A service Development Group is to be formed and tasked with undertaking a national stocktake of services and to define the prevalence of hepatitis C in the New Zealand population. This urgent work will dramatically enhance access to care where presently some people are waiting up to twelve months to see a gastroenterologist before commencing the treatment journey that may last another twelve months. Left untreated, hepatitis C can lead to cancer of the liver. The ongoing effects of hepatitis C often leave a person unable to work and carry on a normal life. The present agreement was finalised between the Ministry of Health, Crown Law and HFNZ, following comprehensive submissions and negotiations throughout 2005 and 2006. The package is focused on improved access to treatment but also includes a formal statement of regret from the Prime Minister on behalf of government. An ex-gratia grant from the Crown is also included in the package. The amount of the grant is based on ACC lump sum entitlements in 1992, the time this matter occurred. Dave McCone said, “On behalf of people with haemophilia I congratulate the Minister of Health, Hon Pete Hodgson on the commitment he has made today toward seeing these issues resolved. To finally have a government of New Zealand prepared to consider the evidence surrounding the cause of this catastrophe and to make treatment of the consequent conditions available is a great relief for our members. This has been a long time coming and a difficult road for the families affected. Our thoughts today are with those who lost a family member as a result of hepatitis C without seeing this issue resolved. Formal recognition from the government is an important first step and the expression of regret from the Prime Minister is an integral part of this treatment and welfare package. HFNZ now calls on the National Party to also apologise for the part they played in the infection of innocent people with preventable hepatitis C”.

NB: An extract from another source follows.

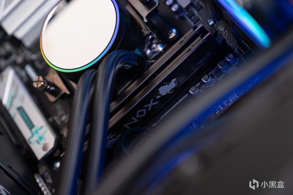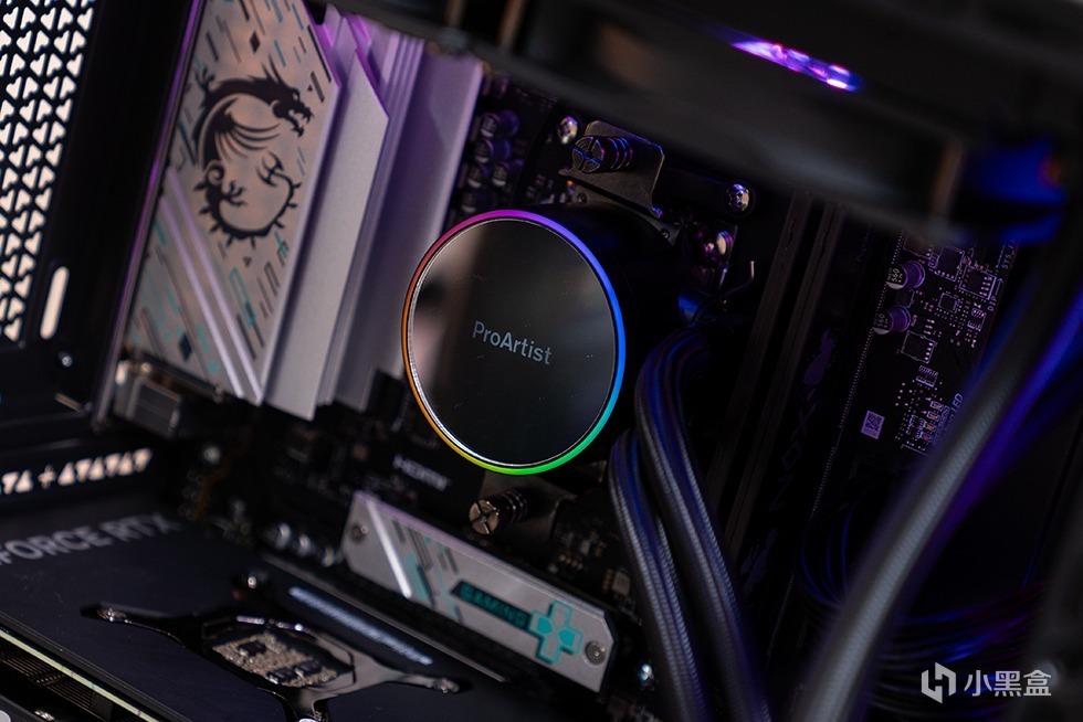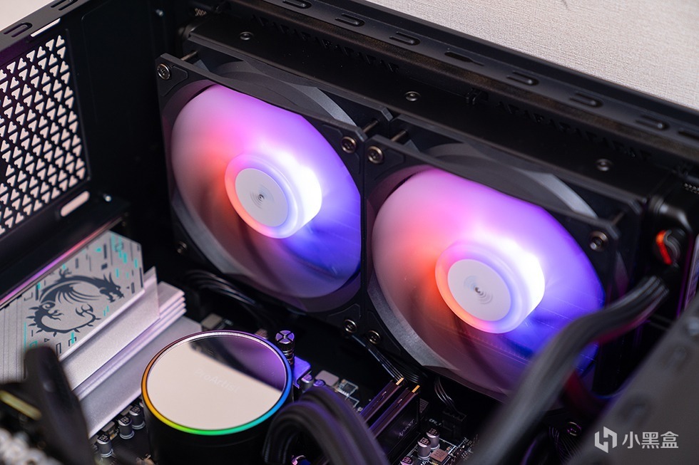 散熱方面,採用來自散熱大廠雅浚EA3 240SE一體水冷,自帶2把12cm RGB風扇,機箱前部的3把RGB風扇同樣來自雅浚,支持ARGB神光同步,形成前進風頂出風的散熱風道。

HFNZ would like to acknowledge the commitment of the Prime Minister, Hon Annette King and Hon Pete Hodgson and the small team at the Ministry of Health who have developed this treatment and welfare package. HFNZ would also like to acknowledge the ongoing support of Rt Hon Winston Peters, Hon Tariana Turia and Ms Jeanette Fitzsimons. “While there is still a significant amount of work to be done before we see this package delivered in full, as agreed, we are looking forward to working closely with the Minister’s office to see his commitment become a reality in the daily lives of people living with this awful illness. This work is urgent and needs to be completed with haste”, said McCone. McCone added, “No amount of compensation can fully make up for the personal injury many of our members have suffered, but we believe that the treatment and welfare package is broad enough to address at least the most urgent needs of people living each day with two chronic, life long, debilitating illnesses.”